■ Exercise directions: Output exactly the lines that come between the start of the material and the line containing "06.12.2022 г. учащиеся", both ends included, with the pictures omitted.

■ Excerpted records:
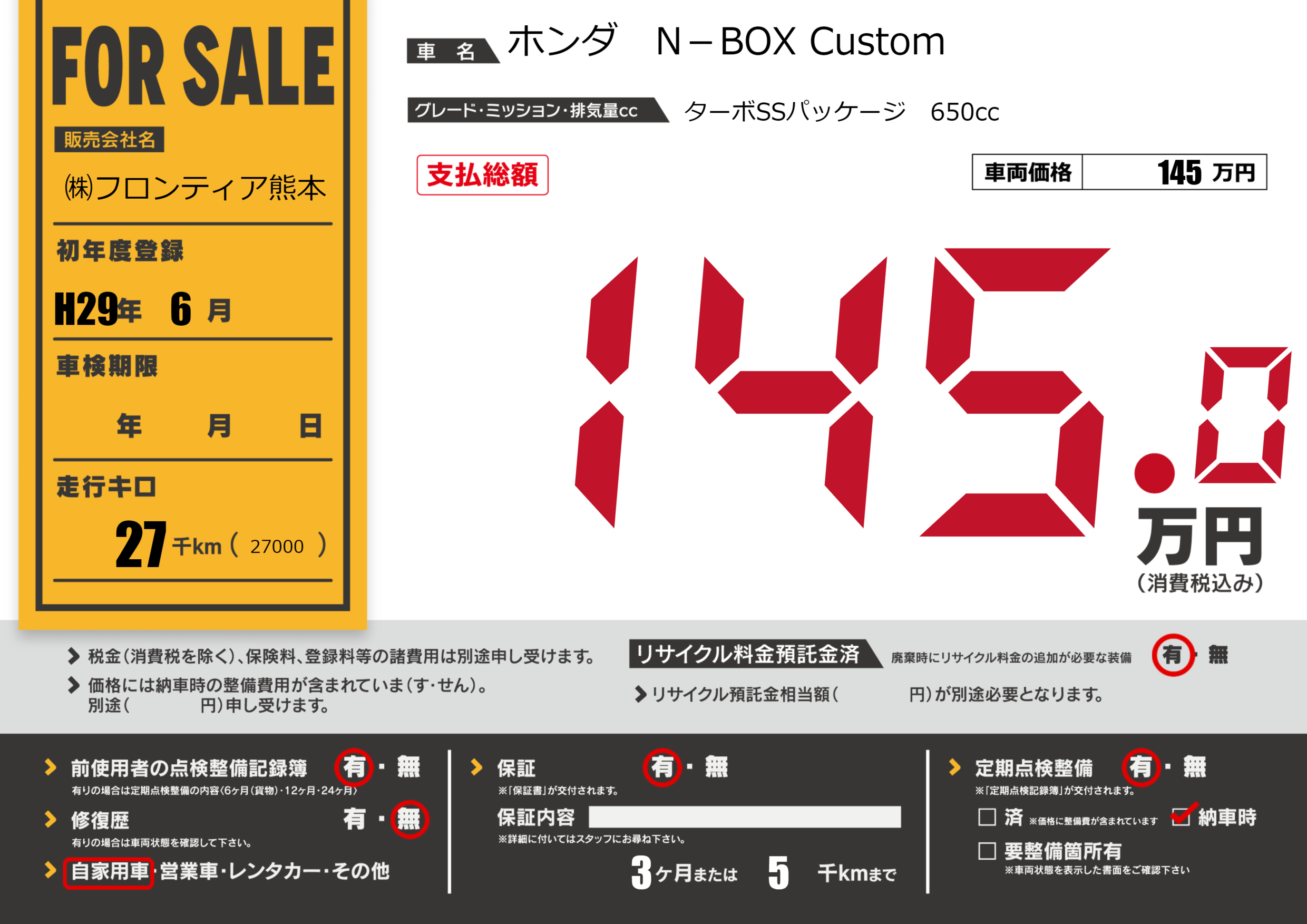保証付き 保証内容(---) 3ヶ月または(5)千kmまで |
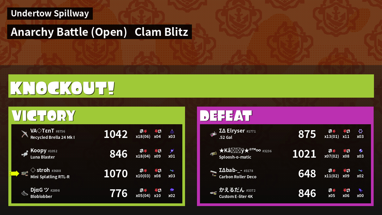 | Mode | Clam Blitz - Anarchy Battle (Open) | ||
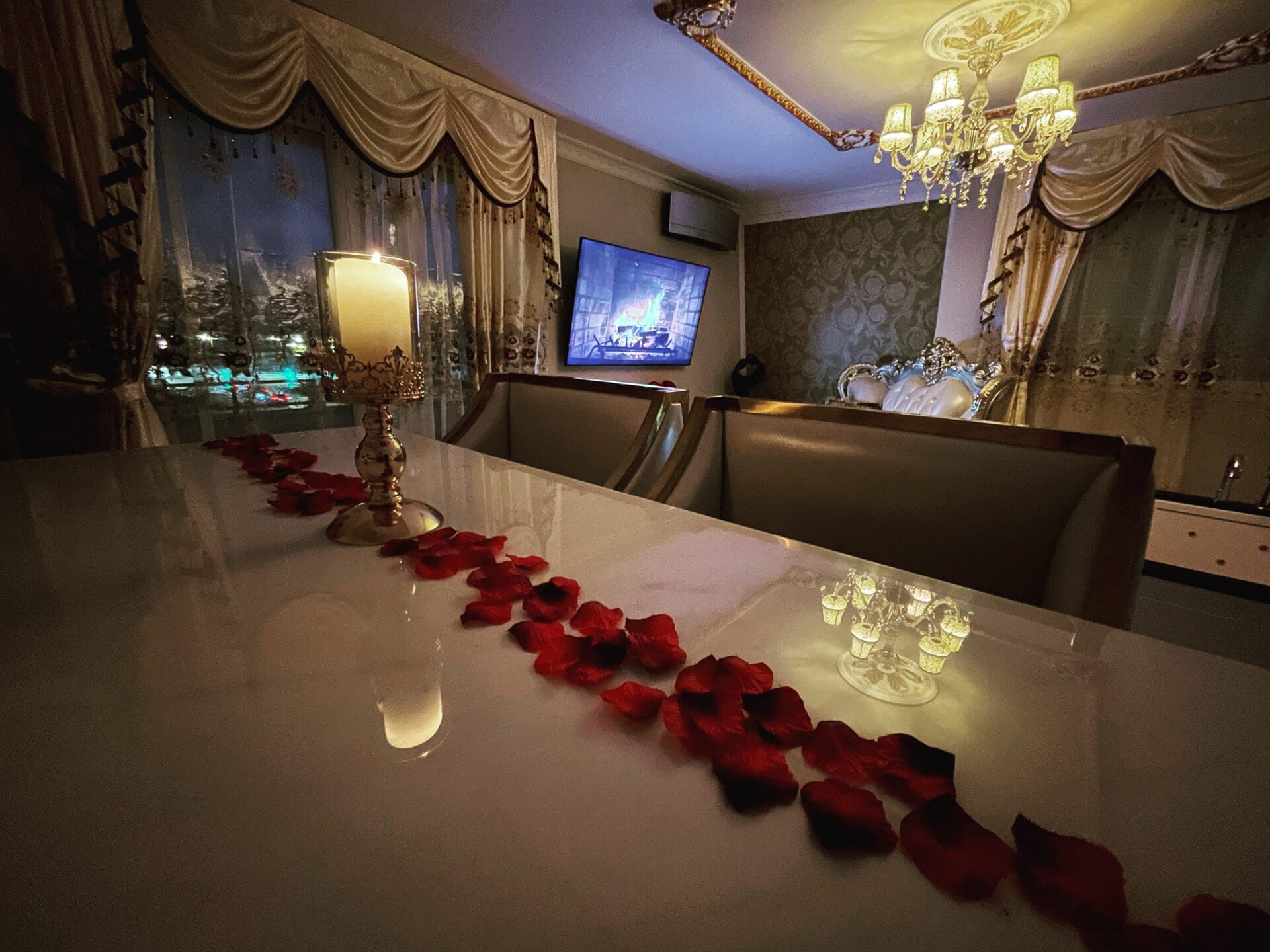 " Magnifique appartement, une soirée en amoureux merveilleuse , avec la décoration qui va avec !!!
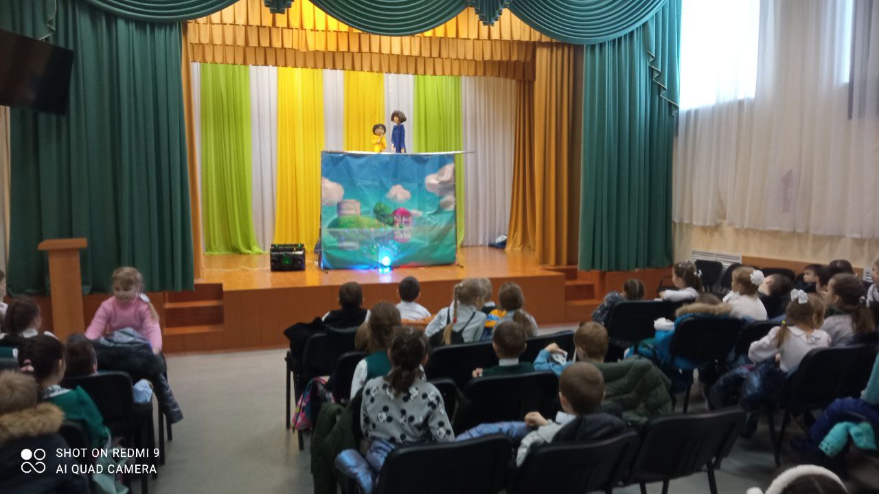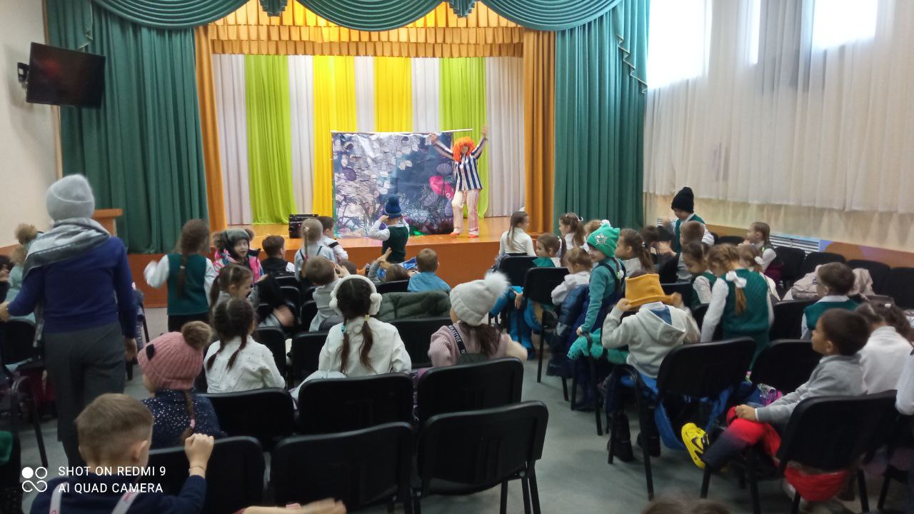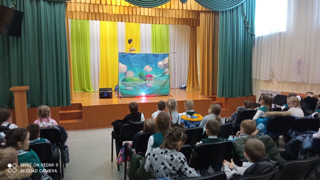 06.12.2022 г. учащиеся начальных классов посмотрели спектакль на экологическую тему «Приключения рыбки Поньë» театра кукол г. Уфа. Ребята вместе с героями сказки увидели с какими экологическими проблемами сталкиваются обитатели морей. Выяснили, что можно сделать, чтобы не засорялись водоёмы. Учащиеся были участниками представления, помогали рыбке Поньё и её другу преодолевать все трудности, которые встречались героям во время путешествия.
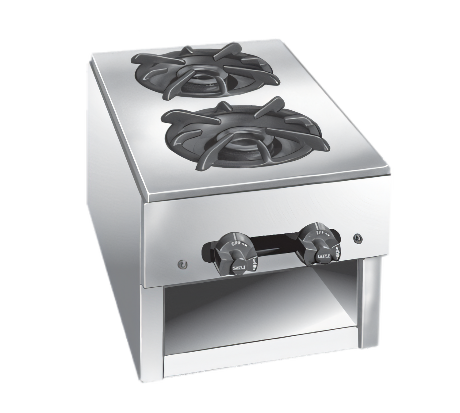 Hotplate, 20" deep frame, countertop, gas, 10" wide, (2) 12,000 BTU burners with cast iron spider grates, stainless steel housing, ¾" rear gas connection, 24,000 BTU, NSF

■ Result below:
保証付き 保証内容(---) 3ヶ月または(5)千kmまで |
 | Mode | Clam Blitz - Anarchy Battle (Open) | ||
 " Magnifique appartement, une soirée en amoureux merveilleuse , avec la décoration qui va avec !!!
 06.12.2022 г. учащиеся начальных классов посмотрели спектакль на экологическую тему «Приключения рыбки Поньë» театра кукол г. Уфа. Ребята вместе с героями сказки увидели с какими экологическими проблемами сталкиваются обитатели морей. Выяснили, что можно сделать, чтобы не засорялись водоёмы. Учащиеся были участниками представления, помогали рыбке Поньё и её другу преодолевать все трудности, которые встречались героям во время путешествия.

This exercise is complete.